Introduction
We will look at the Partitioner in Hadoop. A Partitioner acts as a condition in the processing of an input dataset. The partitioning phase occurs after the Map phase but before the Reduce phase. MapReduce Partitioner allows for uniform distribution of Map output across the reduction. The Map output is partitioned based on the key and value.

MapReduce partitioner is essential for simplifying the process of processing large volumes of data in parallel. Head over to the below article to have an in-depth discussion of MapReduce Partitioner.
What is MapReduce Partitioner?
In MapReduce job execution, the Partitioner controls the partitioning of the keys of the intermediate Map outputs. The partition is derived using the hash function and key (or a subset of the key). The sum of the partitions equals the number of Reduce tasks. Each mapper output is based on the key value and framework partitions. Records with the same key value are placed in the same partition (within each mapper). The partitions are then submitted to a reducer. The partition class determines a (key, value) pair's partition assignment. The partitioning phase in MapReduce data flow occurs after the Map phase and before the reduce phase.
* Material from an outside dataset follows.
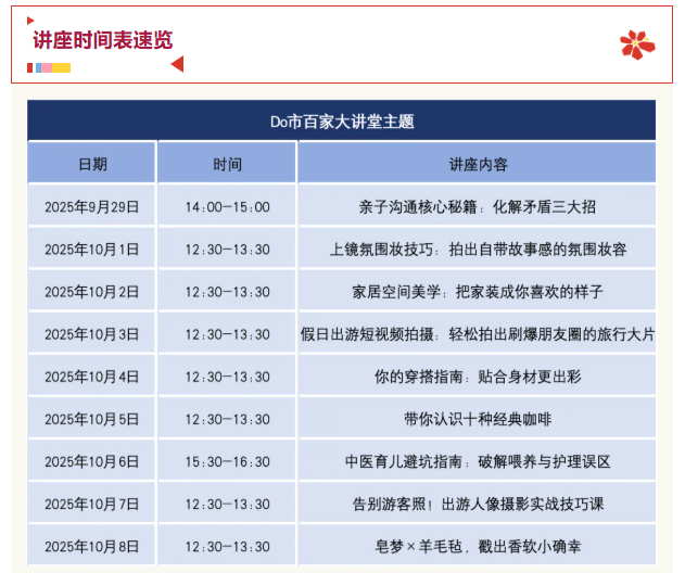 Do市百家大讲堂开讲啦!9场精品讲座,涵盖家庭教育、健康养生、生活艺术、职场赋能多个主题,超多实用内容,等你来听!

Need of MapReduce Partitioner
An input data set is used to construct a list of key-value pairs during the execution of a MapReduce job. The Map phase produced this key-value pair. When the input data is divided, each task handles the division, and each Map creates a list of key-value pairs. The framework then delivers the Map output to the task Reduce phase. Map outputs are processed by using the user-defined reduce function. Before the reduce phase, the Map output partitioning is based on the key.
According to Partitioning, each key's values are grouped. It ensures that every key's value is assigned to the same reducer. This enables the Map output to be distributed evenly across the reducer. The Partitioner in a MapReduce task routes the mapper output to the reducer by identifying which reducer handles the specific key.
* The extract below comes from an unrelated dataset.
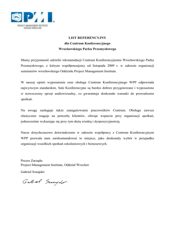 LIST REFERENCYJNY dla Centrum Konferencyjnego Wrocławskiego Parku Przemysłowego Mamy przyjemność udzielić rekomendacji Centrum Konferencyjnemu Wrocławskiego Parku Przemysłowego, z którym współpracujemy od listopada 2009 r. w zakresie organizacji seminariów wrocławskiego Oddziału Project Management Institute. W naszej opinii wyposażenie oraz obsługa Centrum Konferencyjnego WPP odpowiada najwyższym standardom. Sale Konferencyjne są bardzo dobrze przygotowane i wyposażone w nowoczesny sprzęt audiowizualny, co gwarantuje doskonałe warunki do prowadzenia spotkań. Na uwagę zasługuje także zaangażowanie pracowników Centrum. Obsługa zawsze elastycznie reaguje na potrzeby klientów, oferuje wsparcie przy organizacji spotkań, jednocześnie wykazując się przy tym dużą wiedzą i dyspozycyjnością. Nasze dotychczasowe doświadczenie w zakresie współpracy z Centrum Konferencyjnym WPP pozwala nam zarekomendować to miejsce, jako doskonały wybór w przypadku organizacji wszelkich spotkań szkoleniowych i biznesowych. Prezes Zarządu Project Management Institute, Oddział Wrocław Gabriel Sznajder

Poor Partitioning in MapReduce
Suppose one key appears more than any other key in the data input to a MapReduce task. In this scenario, we employ two techniques to transfer data to the partition, which are as follows:
-
The key that appears most of the time will be transmitted to one partition.
-
All other keys will be routed to partitions based on their hashCode().
If the hashCode() function does not distribute additional key data over the partition range. The data will not be transmitted to the reducers as a result.
Poor data partitioning means certain reducers will have more data input than others. More labor than other reducers will fall on their shoulders. As a result, the entire project must wait for one reducer to finish its extra-large share of the load.
We can construct a custom Partitioner to overcome MapReduce's poor Partitioner. This enables the spreading of burden among various reducers.
Number of Partitioners
The overall number of Partitioners is determined by the number of reducers specified by JobConf.setNumReduceTasks() method. Thus, the data from a single Partitioner is processed by a single reducer. It's important to note that the framework only builds Partitioners when there are numerous reducers.
Hash Partitioner is the default Partitioner. It calculates the key's hash value. Based on this outcome, it also assigns the partition.